The latest wage data from multiple sources showed that all private employees were still seeing wage growth of about 3.8%. Even when stripping out the upper-level executive cohort, nonsupervisory and production employees were still seeing growth in the 3.8% range.

Those switching jobs are still seeing faster wage growth of ~4.6%; those staying are still in that 3.8% range. The gap between the two is actually narrower than it has been in the last several years. That is important for executives to consider: you may have to work less to retain employees because the job jumpers are seeing that it is perhaps less lucrative to play the job market. Said another away, the job-jumper premium is diminishing.

By sector, again, every major category was seeing wage growth outstripping inflation. Information and technology was still the leader, especially for those positions that are AI capable.
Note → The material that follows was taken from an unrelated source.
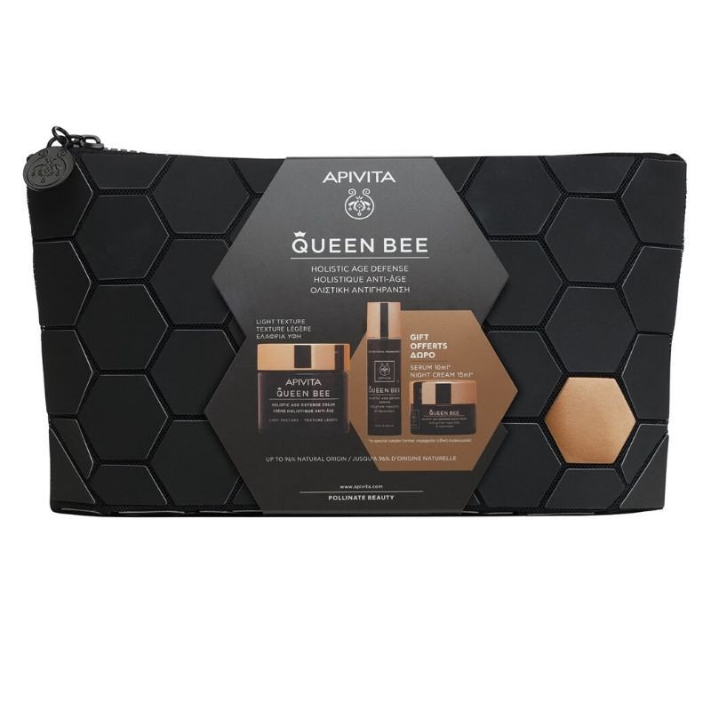 Apivita Set Queen Bee Κρέμα Ημέρας Πλούσιας Υφής 50ml & Δώρο Queen Bee Κρέμα Ματιών Ολιστικής Αντιγήρανσης 15ml & Δώρο Νεσεσέρ

There is an AI premium on top of wages, and that is helping skew the sector, but IT proficiency outside of programming is still in high demand.

Surprisingly, manufacturing was second in durable goods, especially in the skilled trades, and forecasts are still showing worker shortages getting worse in the next three years. That could lead firms to hang on to workers more aggressively (including matching other job offers with wage increases). You can see the other sectors in the chart below. Again, this may help shape some of the budgeting that some businesses are doing – although it may not be specific enough for region and sub-sectors of the economy.

Lastly, lower end household incomes are seeing wage growth of 3.6% (still above inflation) while upper income households are seeing it in the 4.8% range. Again, both are above inflation.

One source noted that even the 10-15% wage increases for fast food workers in some states have already disappeared, and many of those workers have started to see those jobs disappear via store closures, relocations, or automation trends that are keeping margins intact (business operators must increase product/service prices or reduce headcount – there are no other basic choices).

Global Economic Data Delivers Stable November

The latest monthly survey results show what has turned out to be a lukewarm month. On a global (comprehensive) level, manufacturing and services sectors were both down month-over-month, but manufacturing was showing just mild expansion while services sectors were stronger.

The services sector typically dominates most developed nations’ GDP. In most economies, it can contribute between 60-70% of GDP. Economists look to these sectors most in trying to determine whether a country is in recession or an expansion phase.

Therefore, saying that only one major group had a services sector in contraction is a pretty solid statement for global spending. And the Canadian survey is fairly ne, so a reading of 44.3 may not be that accurate.

It is tough to see how Canada can be in recession (both manufacturing and services sectors in contraction) while countries like the UK, Germany, the Eurozone, etc. are showing both sectors in expansion. Canada has been hit economically with tough trade uncertainty, but generally the services sector should continue to be growing – and this measure is in deep contraction at 44.3 points.

Across the world, business leaders are generally confused. They want to be optimistic about 2026, but uncertainty is still prevailing – and dominating their mindset. It makes them approach cash retention conservatively, and they remain reserved with investment and spending.

Right now, the market is looking for the next consumer-level growth engine. Many thought that AI and robotics would be that engine – but until robotics hits a household level (each household providing individual adoption opportunities), everyone may still be waiting for the great catalyst to show up.

NAR Housing Forecast for 2026

The National Association of Realtors released its latest forecast for 2026, and it showed a potential 5% increase in new home starts in 2026. This would push starts from ~1.31 million this year (~1.35M in ’24) to ~1.45M in 2026. That increase of 140K more homes would create effectively 980,000 more full truckloads of freight demand, if historical ratios hold. This forecast improvement will depend on the Fed lowering interest rates, and more importantly, the 10-Year US Treasury yields following them down.